Best Practices for Hexbin Plots
Here are some tips for creating effective hexagonal binning plots in Python:
- Choose appropriate grid density - too high loses patterns, too low obscures details
- Use colorbrewer qualitative/sequential colormaps
- Set transparency to layer hexbin on scatter plots
- Log transform counts for improved visual contrast
- Use hover tooltips in interactive plots
- Add labels, titles and legends to highlight patterns
- Try different count reduction algorithms like mean, max, sum to optimize visualization
- Compare hexbin plots to histograms to assess trade-offs
- Preprocess data to handle outliers and reduce noise
Conclusion
Hexagonal binning is a powerful visualization technique for exploring spatial patterns, clusters, and density distribution in data. Python provides many options through Matplotlib, Seaborn, Plotly, and Bokeh to create customizable hexbin plots.

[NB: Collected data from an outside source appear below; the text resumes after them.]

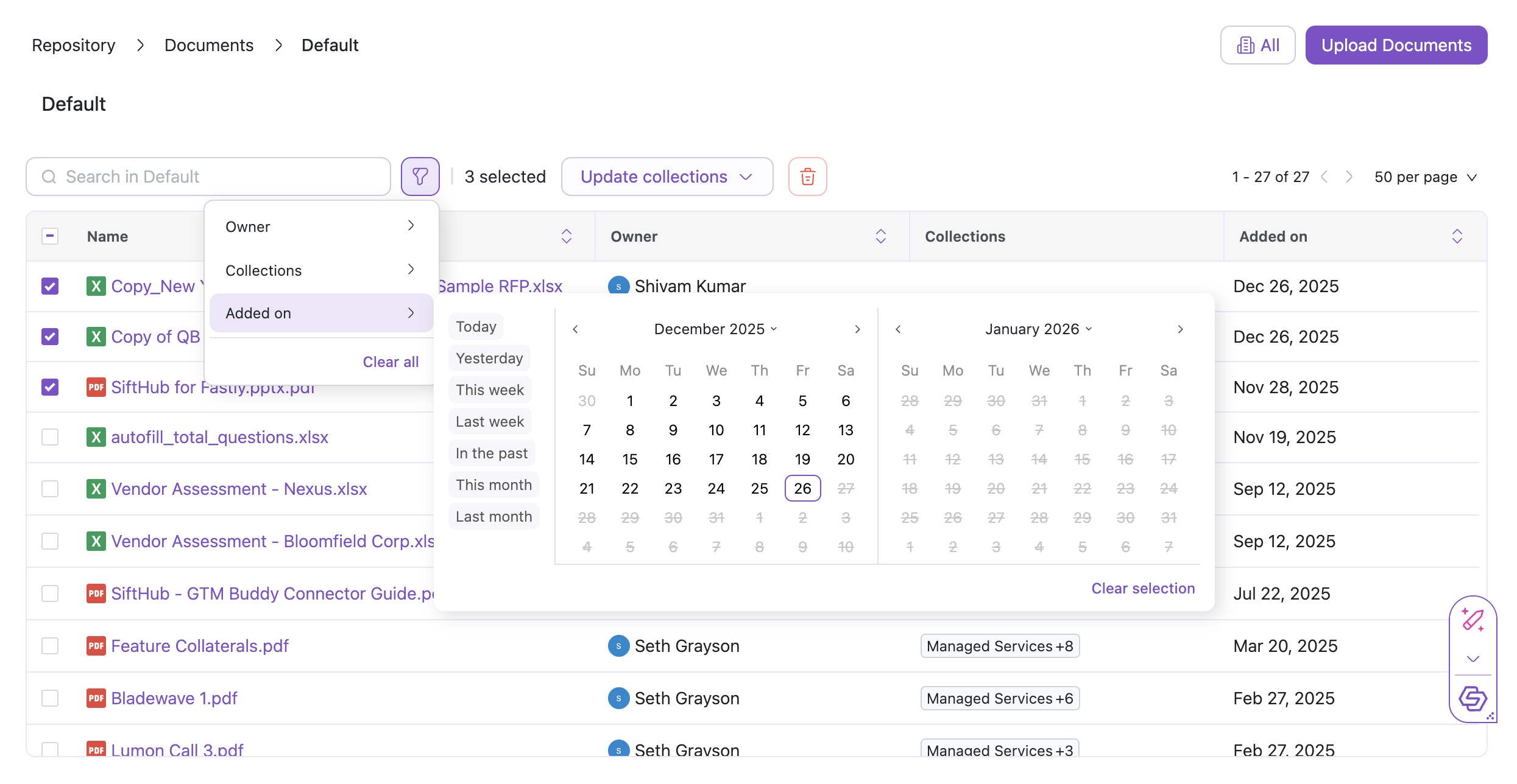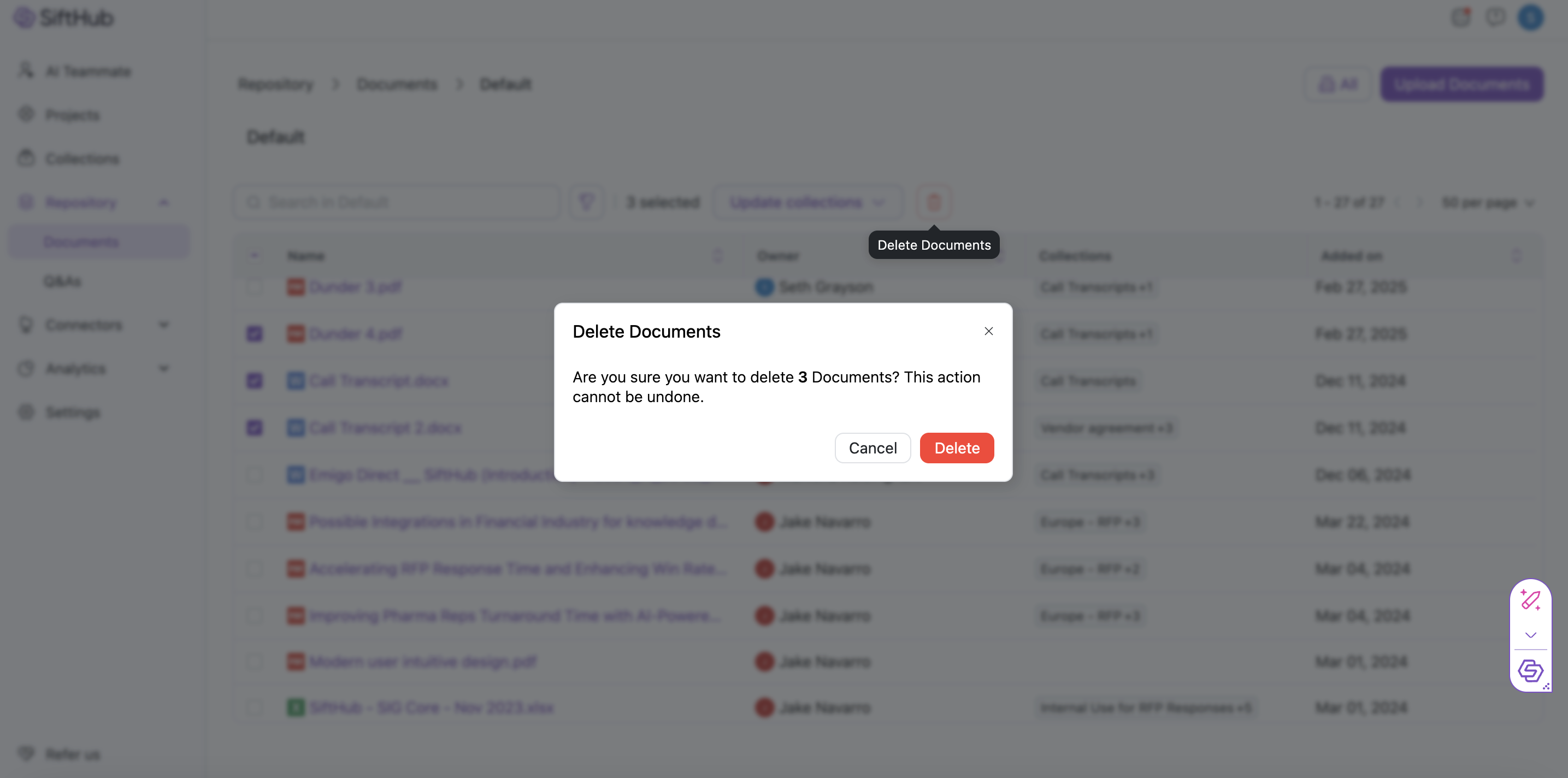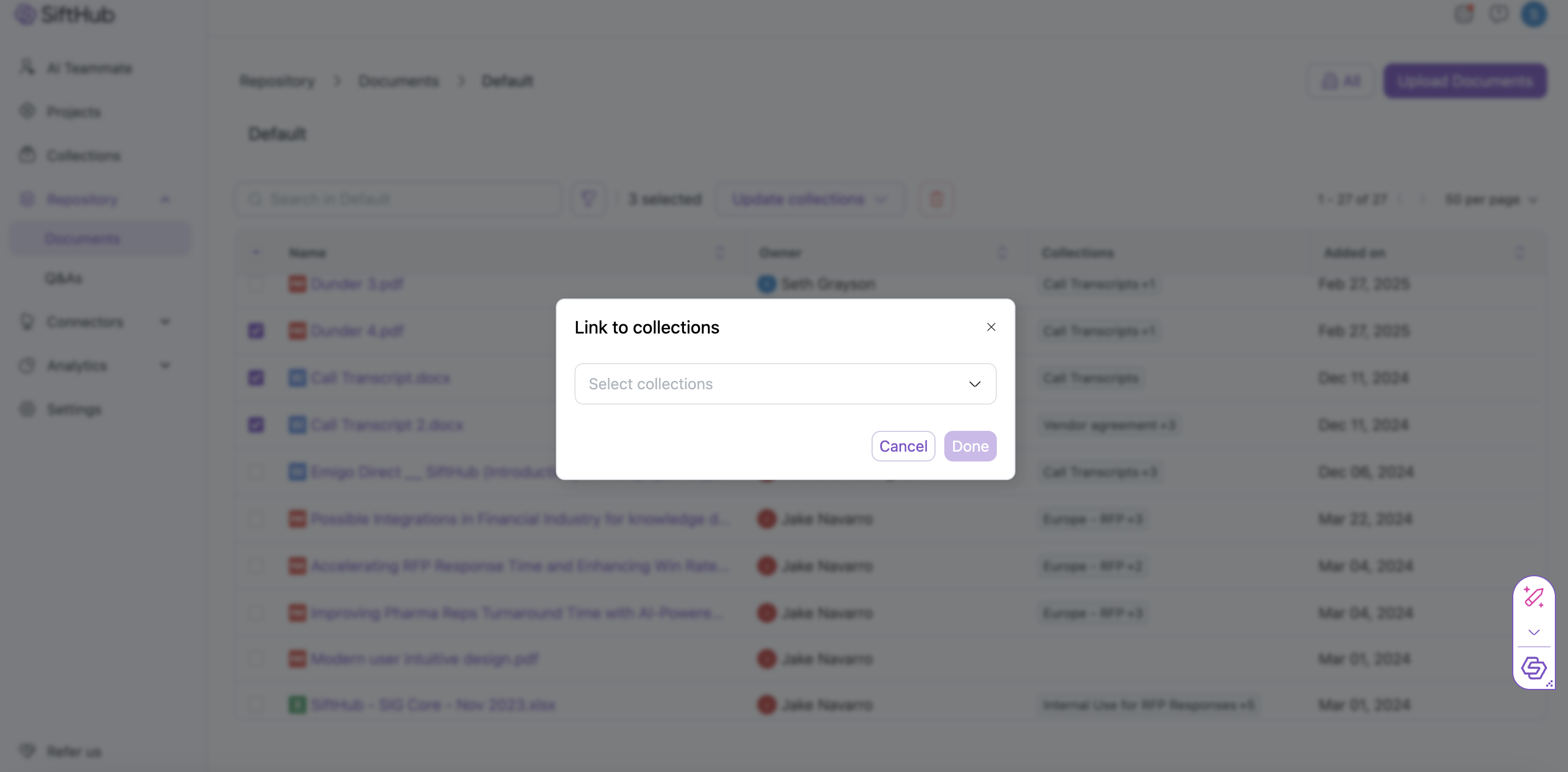 - Delink from Collections: To delink selected documents from Collections they're currently linked to.
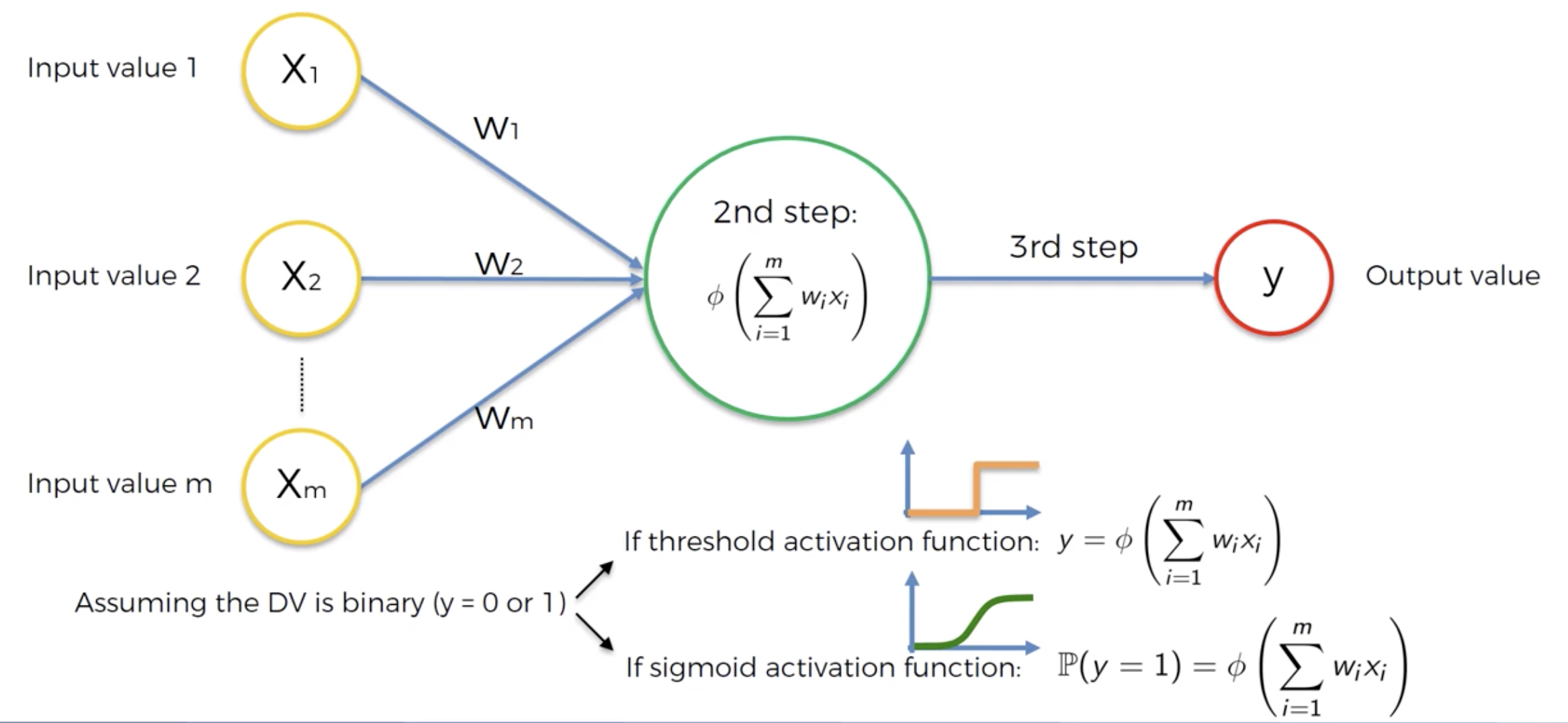 Step 3: Forward-Propagation: from left to right, the neurons are activated in a way that the impact of each neuron's activation is limited by the weights. Propage the activations until getting the predicted result $\hat{y}$
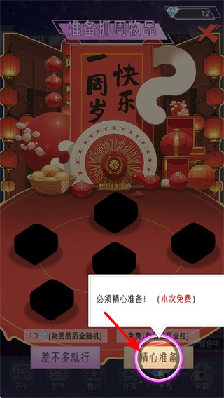 点击精心准备按钮,能够提升抓周物品的品质,这是优化抓周效果的关键环节,准备过程中要留意物品品质给家族成员带来的影响。
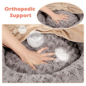 Aro elevado e forma redonda: os travesseiros de pelúcia da cama donut para cães fornecem suporte acolchoado e alívio da dor para o seu animal de estimação, o que a torna uma das camas de cachorro mais confortáveis para cães pequenos e idosos.
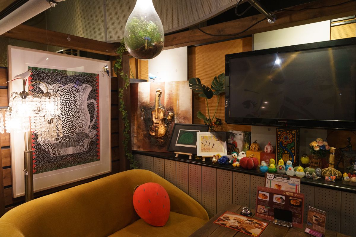 作品と過ごす時間を楽しみに来店されるお客様がいる。その光景は、アートがこのお店の雰囲気や佇まいを自然に形づくっていることを教えてくれます。
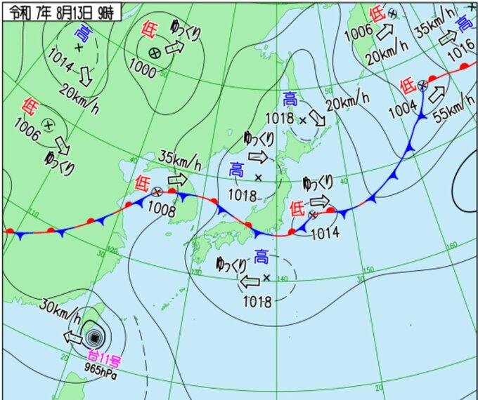 13日は日本の南で地上の高気圧が顕在化し、14日にかけて東シナ海へ移動、15日は黄海付近に停滞する予想です。
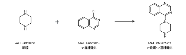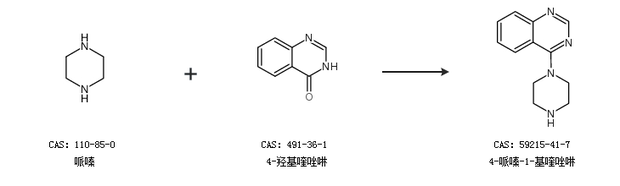 1.通过哌嗪和4-羟基喹唑啉合成4-哌嗪-1-基喹唑啉
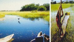 Лицо дельты постоянно меняется — с каждым годом и сезоном. И причина тому — сама река и ее исконные обитатели. Термиты строят острова, а бегемоты прокладывают протоки к островам — местам новых пастбищ. По этим протокам, через тростники, пробираются редкие посетители тех глухих мест. Единственным средством передвижения служат туземные пироги, выдолбленные из стволов деревьев, — «мокоро». Благодаря узкому, вытянутому корпусу они могут двигаться среди зарослей папируса, правда, если заросли не слишком густы.
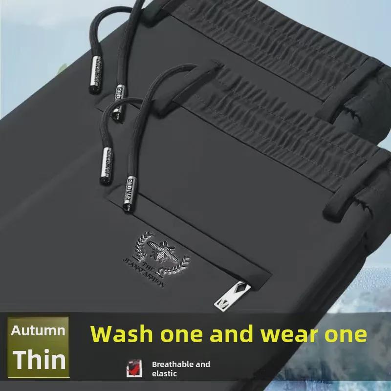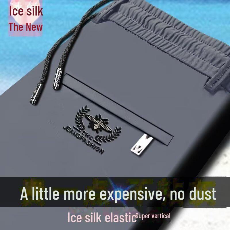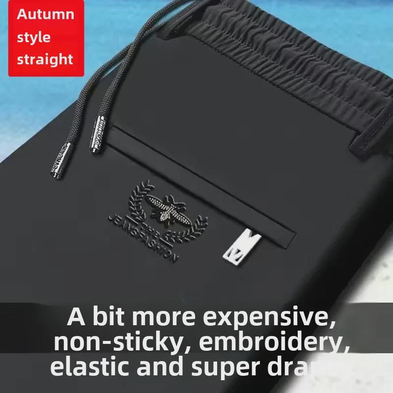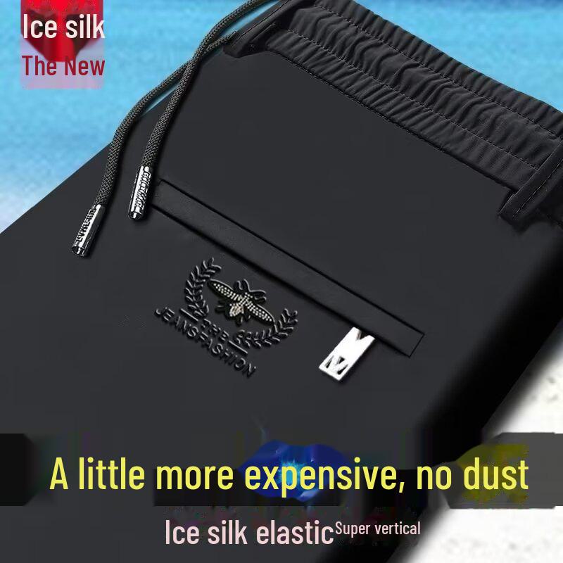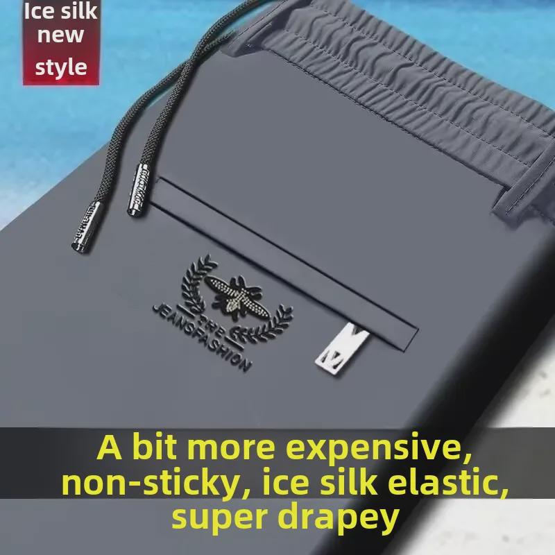 Мужские повседневные брюки Ice Silk Stretch — высокая талия, прямые, свободный крой, спортивные брюки с эластичным поясом.

By tuning parameters like grid size, color mapping, count reduction, and interactivity features, we can generate compelling hexbin visualizations and glean insights from complex multidimensional datasets. Hexbin plots offer advantages over histograms and scatter plots in many use cases and are an invaluable tool for data exploration.